Dataset excerpt -
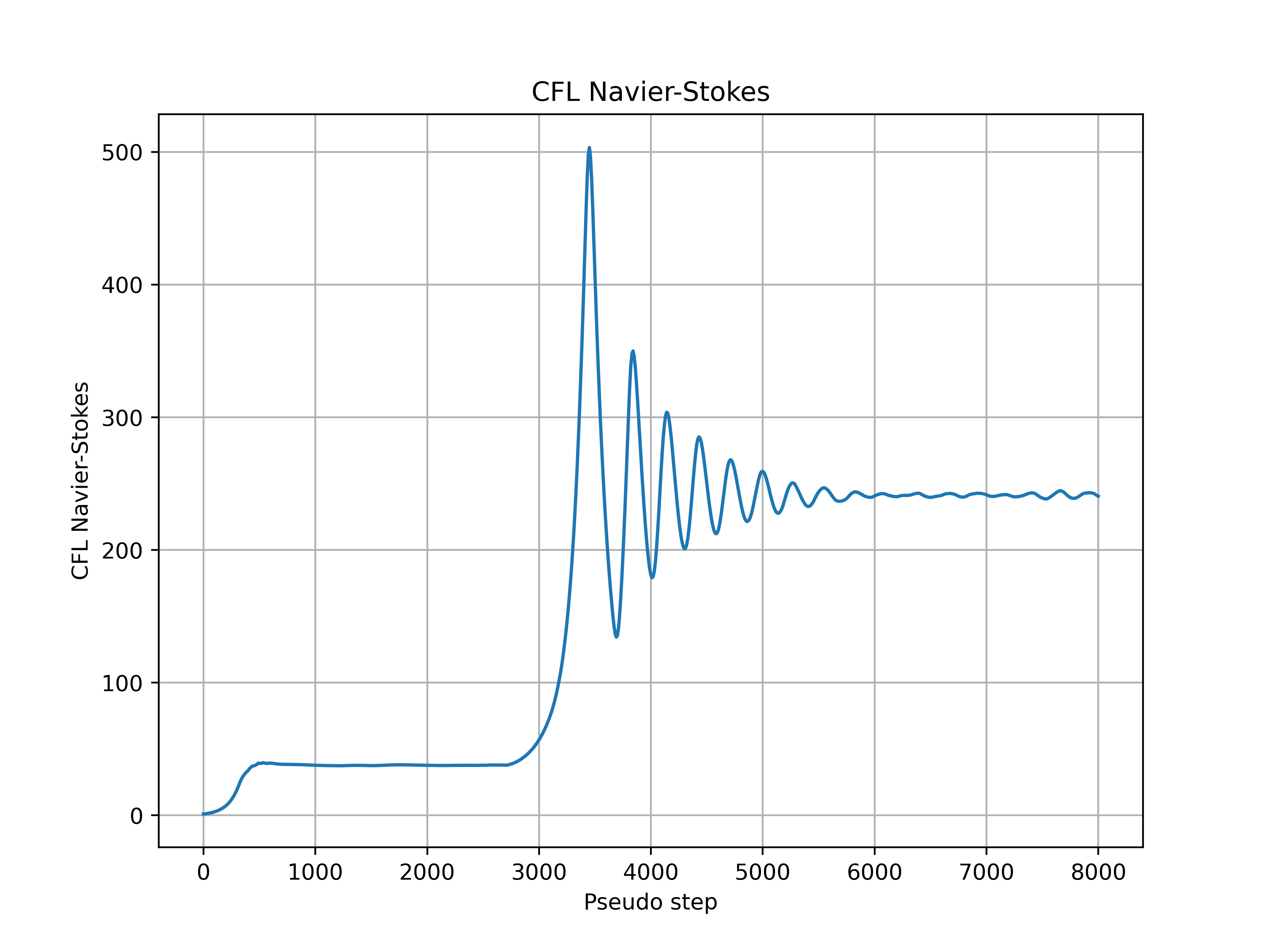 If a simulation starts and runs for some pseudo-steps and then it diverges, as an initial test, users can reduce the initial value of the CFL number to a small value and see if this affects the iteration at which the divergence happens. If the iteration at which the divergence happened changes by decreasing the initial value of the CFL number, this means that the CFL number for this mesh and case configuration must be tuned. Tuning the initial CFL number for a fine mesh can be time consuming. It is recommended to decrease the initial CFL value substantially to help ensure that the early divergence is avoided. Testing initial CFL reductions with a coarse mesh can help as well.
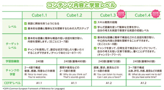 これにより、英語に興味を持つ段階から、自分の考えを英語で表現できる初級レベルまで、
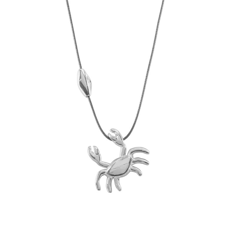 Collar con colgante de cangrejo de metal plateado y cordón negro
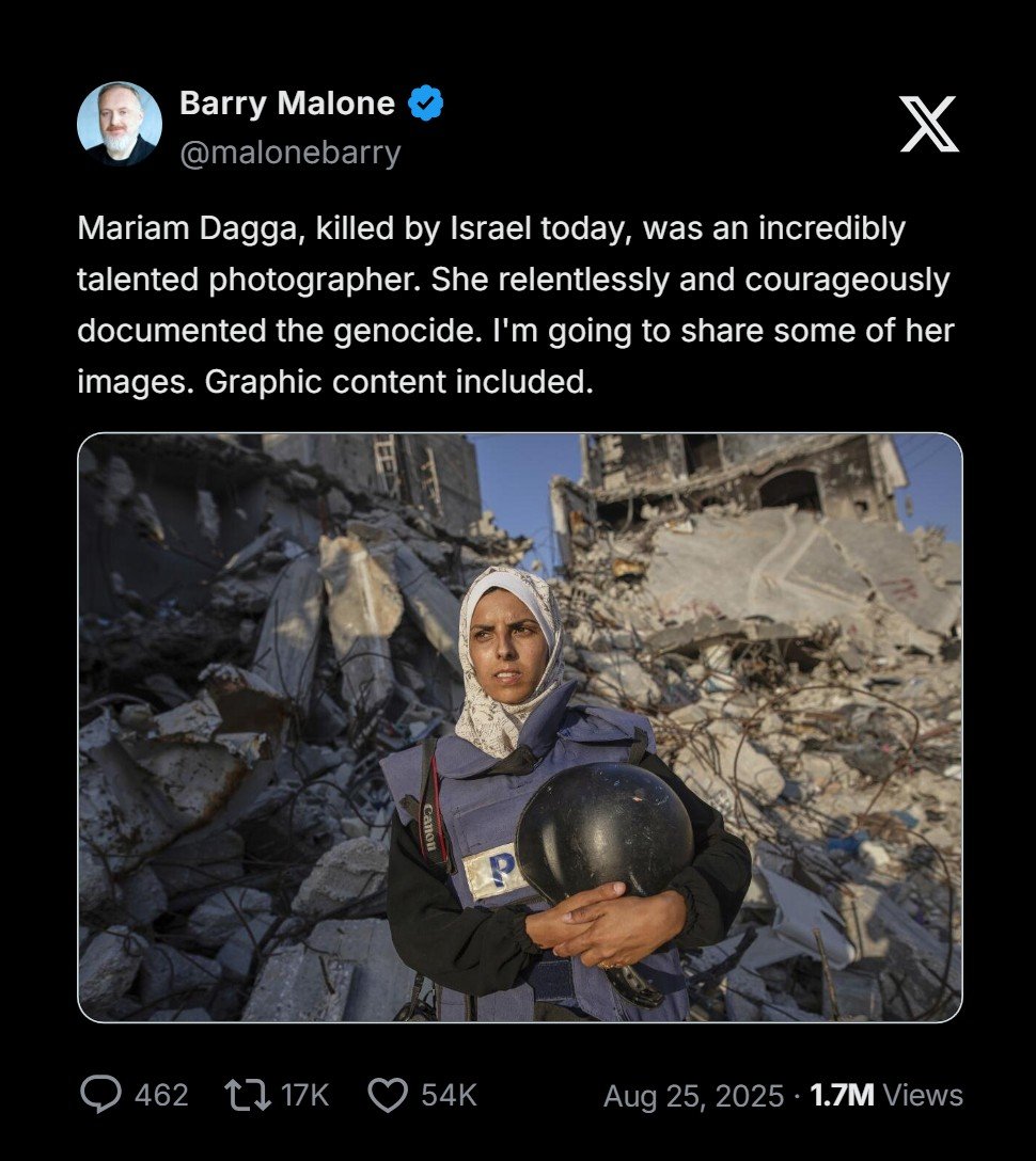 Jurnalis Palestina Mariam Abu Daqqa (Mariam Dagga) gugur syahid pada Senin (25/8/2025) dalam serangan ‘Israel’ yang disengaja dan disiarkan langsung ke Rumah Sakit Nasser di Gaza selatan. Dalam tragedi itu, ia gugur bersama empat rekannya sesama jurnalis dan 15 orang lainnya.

Exercise instructions -
Starting at the line that holds "これにより、英語に興味を持つ", copy each line exactly through the end of the material above, keeping both ends and dropping the pictures.

Task answer -
 これにより、英語に興味を持つ段階から、自分の考えを英語で表現できる初級レベルまで、
 Collar con colgante de cangrejo de metal plateado y cordón negro
 Jurnalis Palestina Mariam Abu Daqqa (Mariam Dagga) gugur syahid pada Senin (25/8/2025) dalam serangan ‘Israel’ yang disengaja dan disiarkan langsung ke Rumah Sakit Nasser di Gaza selatan. Dalam tragedi itu, ia gugur bersama empat rekannya sesama jurnalis dan 15 orang lainnya.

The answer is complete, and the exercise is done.